The specific process implementation process of the utility model specifically comprises: fuel, such as qualified particle size pulverized coal (0-10mm), is fed into a dense phase zone 12 at the bottom of a fluidized bed reactor 1 from a feeding pipe 16, and is fed into an oxygen-containing primary gasifying agent (a mixed gas of water vapor and oxygen/air with the oxygen content of 17-25%) through a primary gasifying agent inlet 13 and an air distribution device 3 to form a local high temperature zone, the fuel and the primary gasifying agent are in countercurrent contact and then undergo gasification reaction, solid bottom slag after the gasification reaction is discharged from a slag discharge outlet 17, part of solid particles carried by the gas leave from a mixture outlet 15 at the top of the fluidized bed reactor 1, enter along a mixture inlet 21 and sequentially pass through a cyclone 211 and a gas-solid separation device 221 to realize gas-solid separation, solid materials separated by the cyclone 211 are returned into the fluidized bed reactor 1 through a return feeder 212 to undergo a circulating reaction, smaller solid particles not collected by the cyclone 211 enter the gas-solid separation device 221 in the form of fly ash to realize gas-solid separation, the fly ash separated by the gas-solid separation device 221 enters the fly ash storage tank 222, and is sent back to the fluidized bed reactor 1 by the fly ash conveying device 223 for secondary reaction, and the coal gas is discharged along the coal gas outlet 20. In order to promote the conversion of the fly ash, an oxygen-containing secondary gasifying agent (the mixed gas of water vapor and oxygen/air with the oxygen content of 40-70%) is fed along the secondary gasifying agent inlet 14 to form a local high-temperature region to promote the conversion of the fly ash, and the fly ash can complete the gasification conversion after passing through the high-temperature region, thereby realizing the recovery of carbon in the fly ash.
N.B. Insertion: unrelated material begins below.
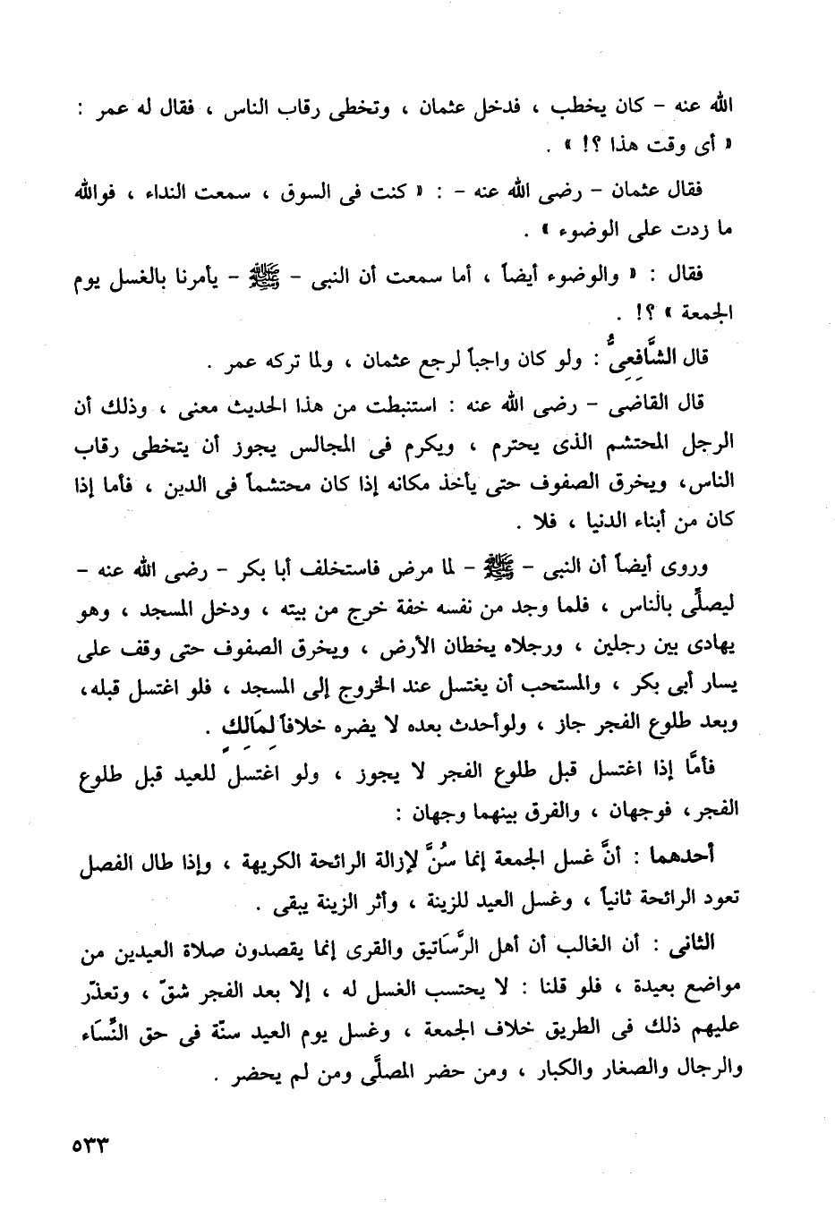 فقال عثمان رضي الله عنه كنت في السوق سمعت النداء فوالله ما زدت على الوضوء، فقال والوضوء أيضا أما سمعت أن النبي صلى الله عليه وسلم يأمرنا بالغسل يوم الجمعة. قال الشافعي ولو كان واجبًا لرجع عثمان ولما تركه عمر.
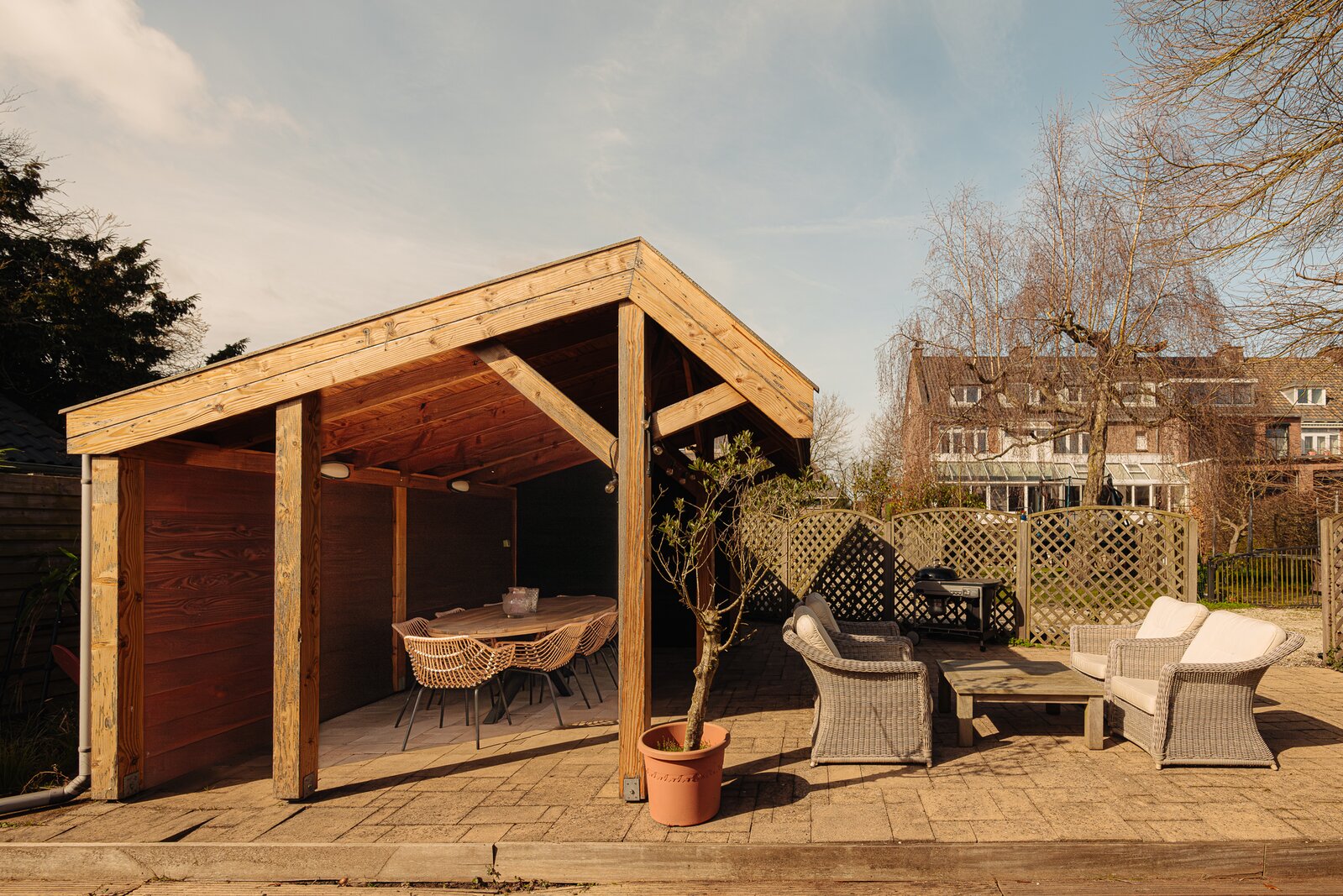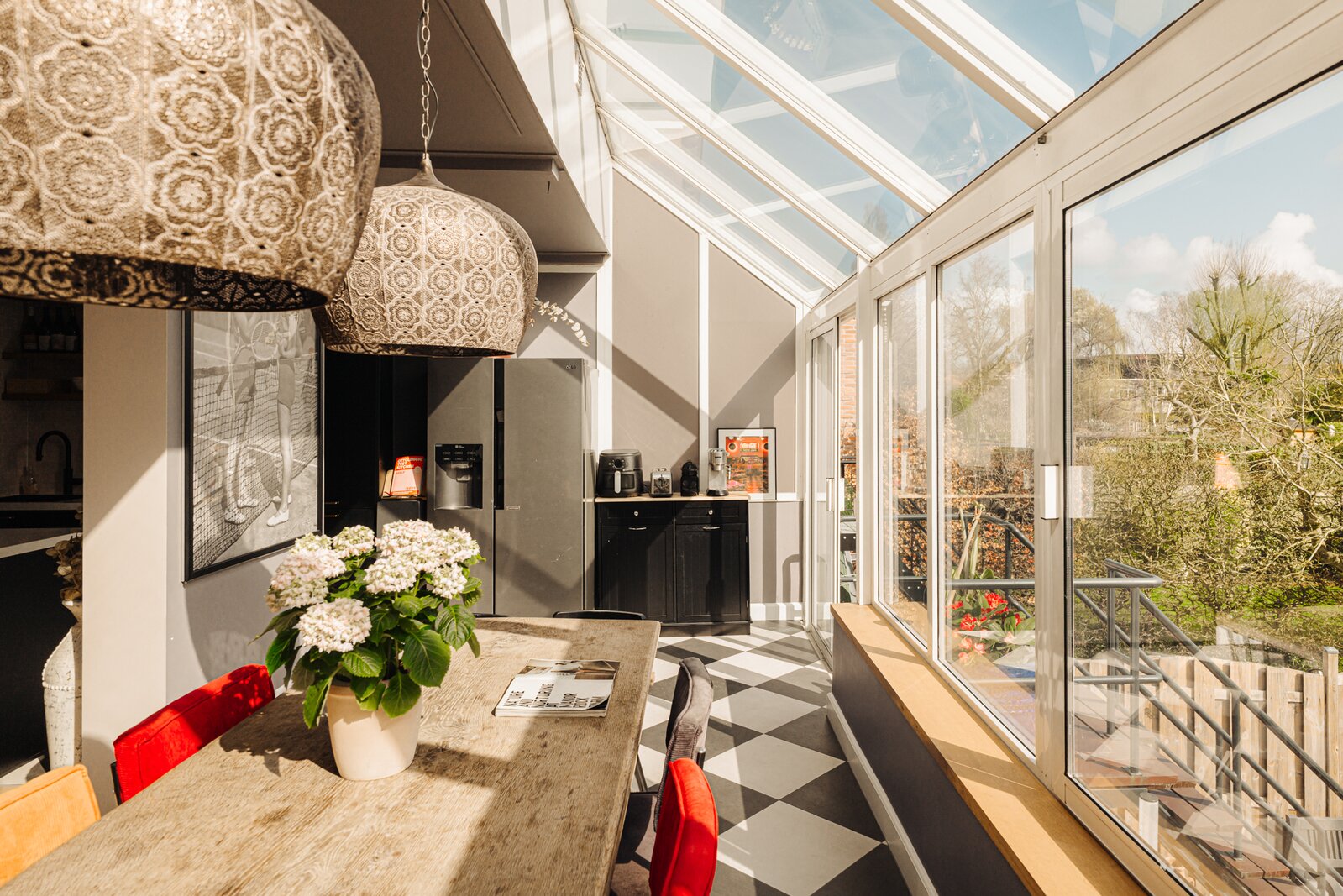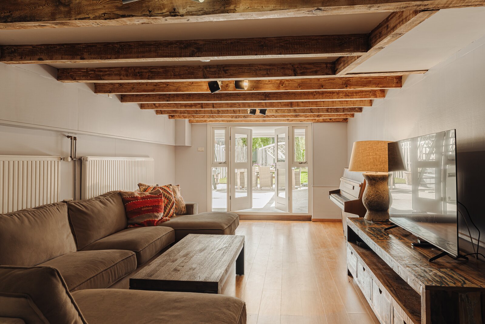 De multifunctionele family room is ideaal als speelkamer, tv-hoek of hobbyruimte en opent via dubbele deuren naar het overdekte terras en de zonnige achtertuin.

The fluidized bed reactor 1 is a coal gasification reaction device, and realizes the gasification of coal, circulating materials and fly ash and the discharge of bottom slag; the cyclone 211 and the gas-solid separation device 221 are used for collecting different particle solid materials in the coal gas and separating the gas-solid materials; the material returning device 212 returns the coarse particle materials separated by the cyclone separator 211 to the fluidized bed reactor; the fly ash storage tank 222 is used for storing fly ash separated by the gas-solid separation device 221; the fly ash conveying system is used for quantitatively returning the fine particle fly ash separated by the gas-solid separation device 221; the primary gasifying agent inlet 13 is used for introducing a primary gasifying agent, and the fluidization of solid materials in the reactor is maintained while the gasification reaction is carried out; the second-stage gasifying agent inlet 14 is used for introducing a second-stage gasifying agent, and a high-temperature area is formed in the dilute phase area 11 of the fluidized bed reactor 1 to promote the conversion of fine particle materials.

The uniform, continuous and stable conveying of the fly ash is the premise of stable operation of the fluidized bed reactor 1, the fly ash conveying system can adopt a feeder to control the feeding amount of the fly ash, and a conveying gas is communicated with an outlet pipeline of the feeder to convey the fly ash into the fluidized bed reactor 1.

According to the embodiment of the utility model, the fly ash generated by gasification is collected and then sent back to the fluidized bed reactor 1, and the transformation of carbon in the fly ash is realized by introducing an oxygen-containing gasification agent into the dilute phase zone 11 of the fluidized bed reactor 1 to form a high temperature zone. The device creates different temperature fields aiming at the difference of material reaction activity in different areas in the furnace, and ensures the long-period continuous and stable operation of the gasification furnace while realizing the conversion of fly ash.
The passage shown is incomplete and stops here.